很快,又有更加细微的尖啸响起,窸窸窣窣的声响,是蚕虫吞噬叶片的声音。可惜现在的**连个活物也找不到,唯一可以作为食物被吞噬的只能是刚刚被切碎的侍卫们了。
很快就会轮到我吗?
亚伦兴奋地想着,他迫不及待地渴望体验将身体轻易撕裂的强大,但是什么也没有发生。白雾像来时一样匆忙的退却,留下空旷的夜晚。
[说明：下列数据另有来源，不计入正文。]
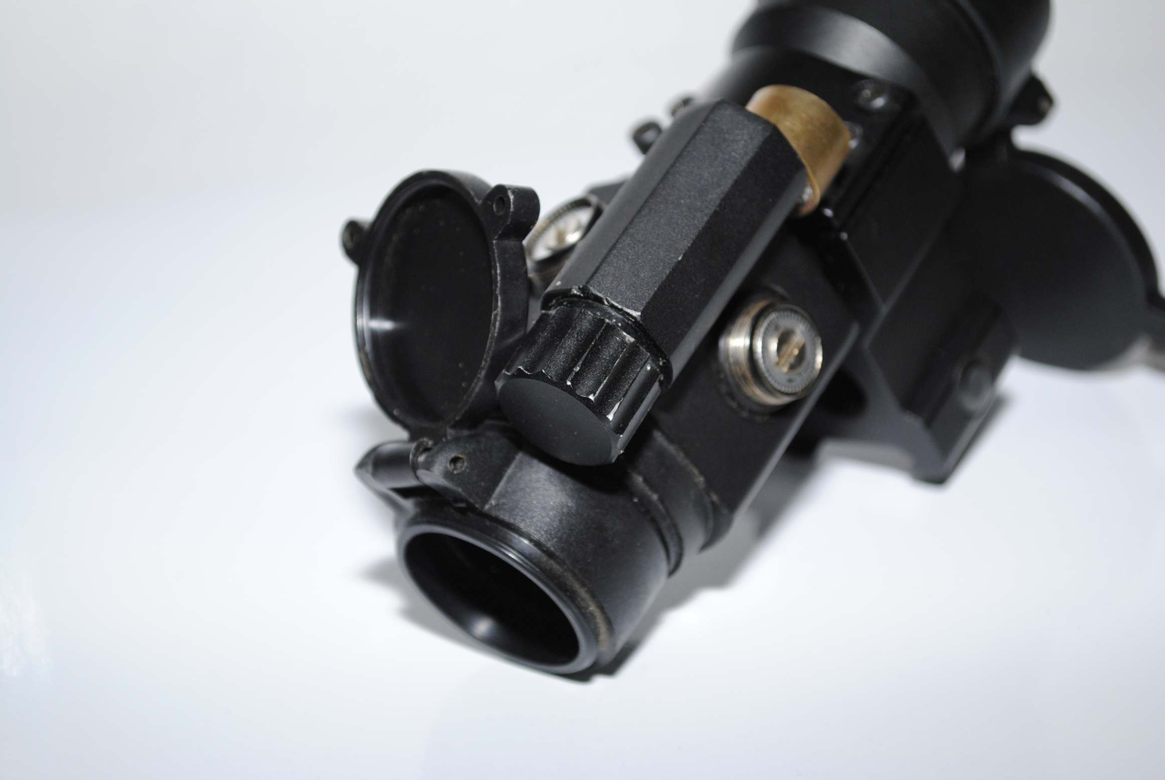 Kamarád mě poprosil o opravu tohoto kolimátoru. Začal špatně fungovat potenciometr - tečka přeblikávala a kolečko při dotyku způsobovalo blikání terče.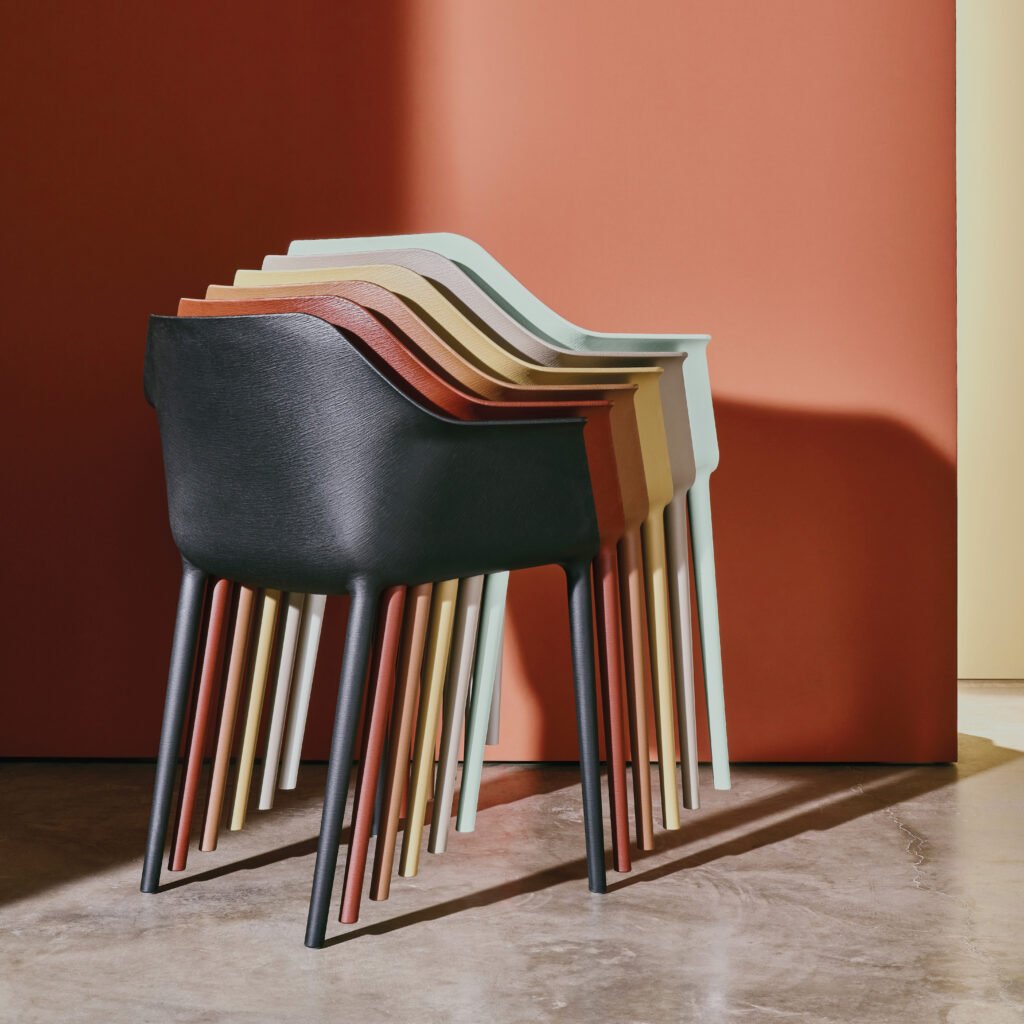 The surface of Andreu World’s Gala Pure Eco Chair bends and dips to form an ultrathin, highly ergonomic chair. Designed by Piergiorgio Cazzaniga, the chair was made using gas-assisted, advanced injection technology on 100 percent recycled and recyclable thermopolymers. Biophilic in aesthetic, the shell surface is etched with a wood-inspired vegetable finish for a sensory experience suggestive of the resource it is saving.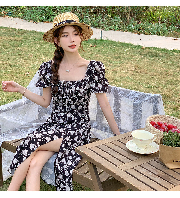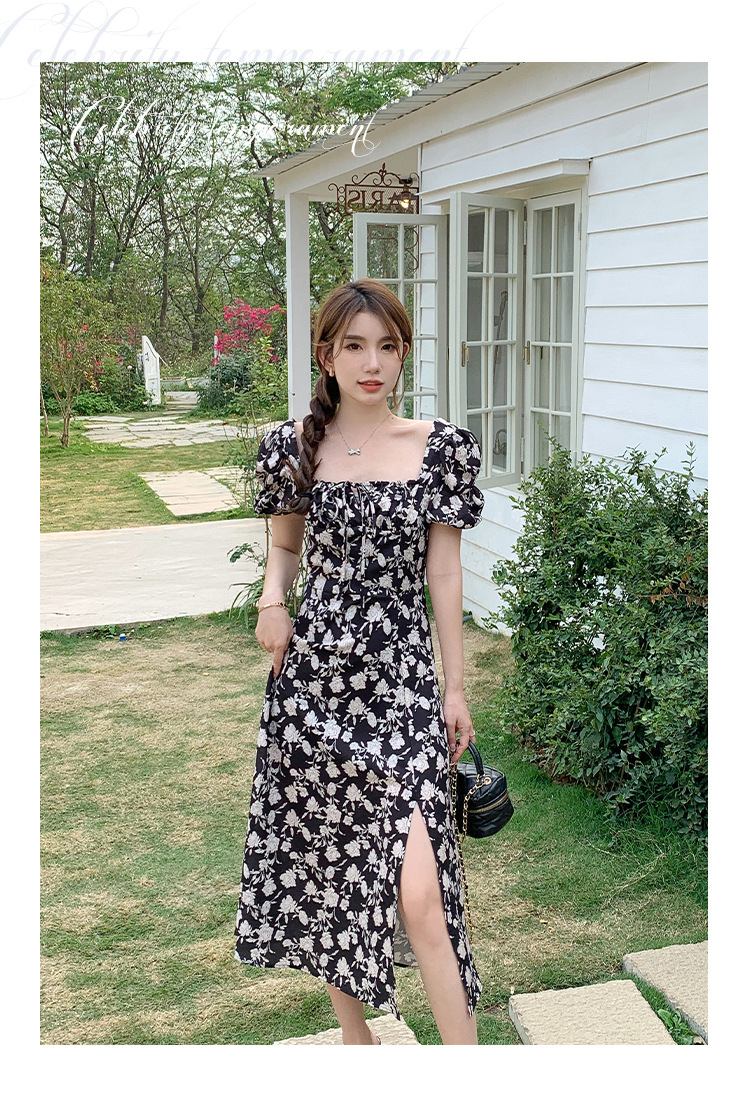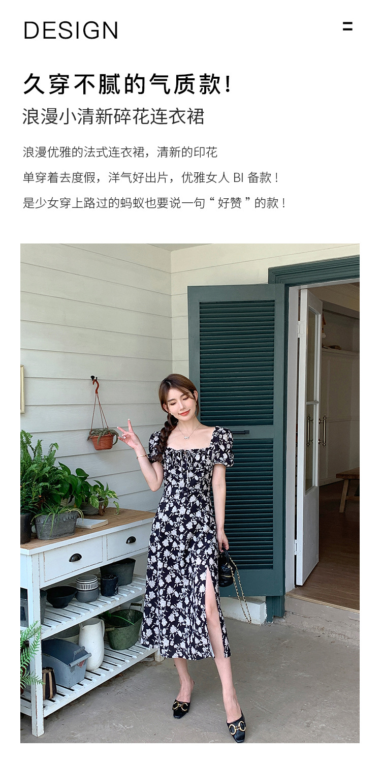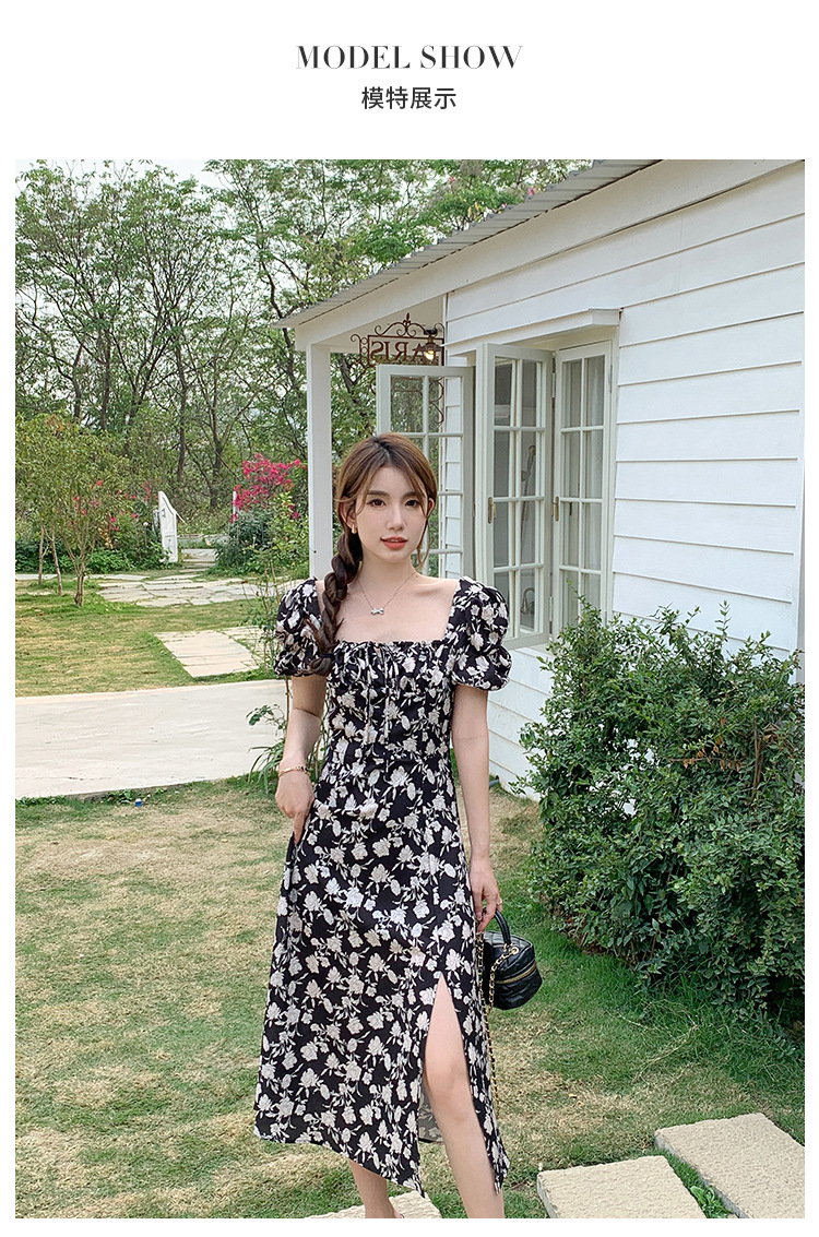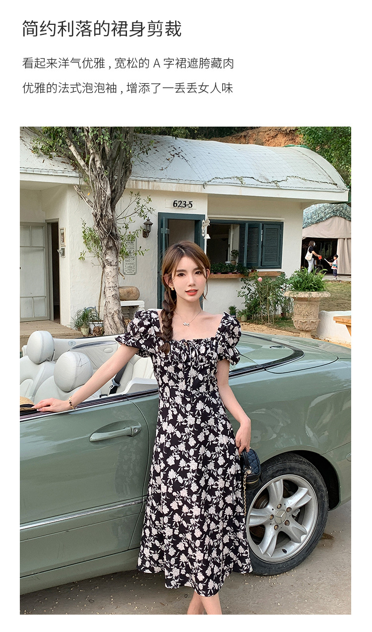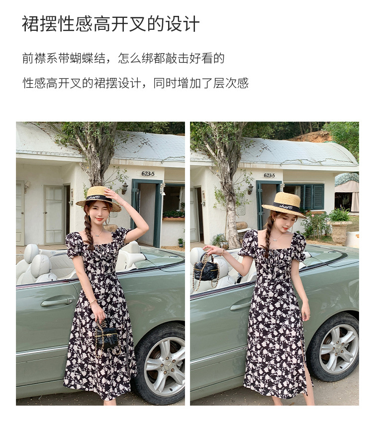 开叉气质碎花连衣裙女2023夏季新款泡泡袖法式复古气质方领中长裙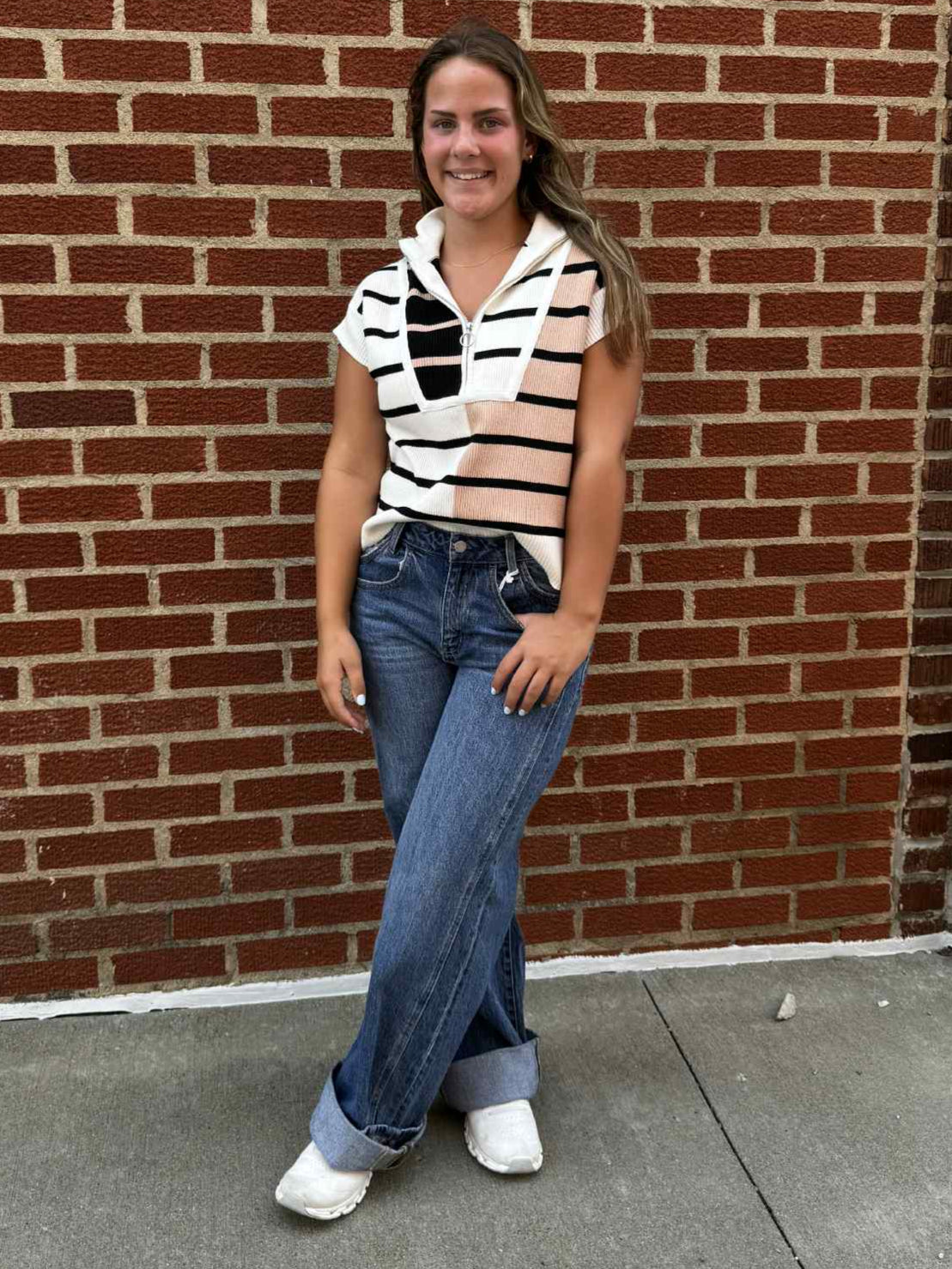 - 🌺Material: 50% Viscose 28% Polyester 22% Polyamide 🌺Pattern: Striped 🌺Neckline: Collar 🌺Sleeve: Sleeveless

追随他的侍卫们已经全部消失了,被突如其来的白雾彻底溶解挥发了。
为什么不吃我?
因为我不是它的食物?
亚伦无暇多想,刚刚结束进食的空间血气浓郁,让他心神不宁。
他只能选择继续前进。
缓慢地,不容动摇的,沿着十字裂痕前进着。
越往前走,空气中属于生命的味道越淡,地面的废墟也越发地低矮零碎,亚伦由此推断十字的中心已经只剩下一泓沙砾,在那至强大的力量前,所有的人造景观都不堪一击。
但他已经无法再前进,空气形成的庞大壁垒阻止了他。
像个封印。
或者说,是个培养皿。
空气构成的无形壁垒的中央,亚伦看见一团悬浮着的黑色物质。黑色的物质如棉絮般松软包裹纠缠,内核隐约透出银白色光芒。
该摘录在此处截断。